Chris Wolfgang
Audio By Carbonatix
The news was so shocking and so unbelievable that I assumed it was internet bait and click, the business story equivalent of nude sunbathing actors. Pizza Hut sold? And to the company that owns 24 Hour Fitness? Impossible.
So I texted Bruce Allar, once the editor of Pizza Today, a magazine that covers the pizza business and for which I wrote for a decade. He was stunned as I was.
“It probably means the end of Pizza Hut after all the profits are extracted,” he texted me. “I can’t help but think that the Pizza Hut concept, in-store sales of mass-market pies, is way past useful.“
And he is almost certainly correct, as difficult as it is to comprehend. Pizza Hut was one of the giants of U.S. fast food, as important in its own way as McDonald’s. In those long-ago days before delivery apps and services like Grubhub and DoorDash, anyone who wanted food delivered usually just had one choice – pizza. And Pizza Hut, with its thousands of stores, billions of dollars in sales, and its red roofs, was the preeminent pizza delivery restaurant in the county.
In this, it almost didn’t matter what the pizza tasted like. It was cheap and it was available. What more do Americans want from fast food?
So Pizza Hut’s sale last week to a private equity firm likely means not only the beginning of the end for what was once the world’s largest pizza company, but the final chapter in traditional pizza delivery in the U.S.
The importance of the Hut
How important was Pizza Hut — whose headquarters are on the tollway at Belt Line Road and that was once run by former Dallas mayor Mike Rawlings?
- Without Pizza Hut, there probably wouldn’t be Domino’s or Papa John’s; in fact, without the Pizza Hut model, it’s difficult to believe any decent-sized chain could have gotten started in the delivery business. It improved — if not invented — many of the operational systems that everyone else used.
- McDonald’s tried to start its own national chain, Donato’s, in 1999 to expand into the pizza business and diversify away from burgers (about the same time it bought Chipotle). That failed, and McDonald’s dumped Donato’s four years later, which speaks to how difficult it was to do delivery pizza.

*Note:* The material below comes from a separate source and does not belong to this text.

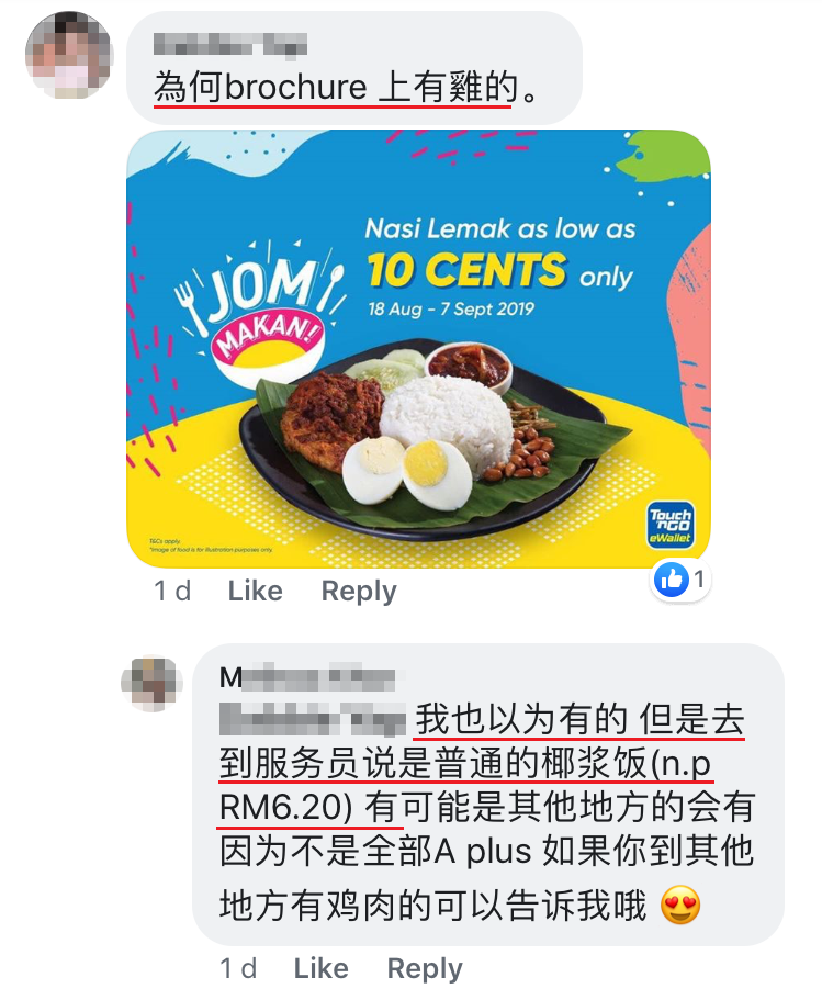 ▼但也有网友注意到了优惠的Nasi Lemak没有鸡肉,和宣传单的照片不符。

- The legendary 1998 Pizza Hut-Papa John’s lawsuit, in which the former sued the latter over the Papa John’s slogan, “Better Ingredients, Better Pizza.” The case went on for two years before melting away, though I had tremendous fun covering it for Pizza Today. As one commentator noted: “In the pizza business, this is an extra large with all the toppings.”
A long time coming
Pizza Hut’s end has been coming for a long time, at least a decade – slowing sales, store closures, and bankruptcies among its biggest U.S. and foreign franchisees. The parent company, Yum Brands (which also owns KFC and Taco Bell) has been looking for a way out for the last couple of years, issuing biz-speak statements like “the Pizza Hut team has been working hard to address business and category challenges. …”; an indication, certainly, that they had little idea about what to do.
Until now. And, regardless of what anyone thought of Pizza Hut or the quality of its product, it is the end of an era.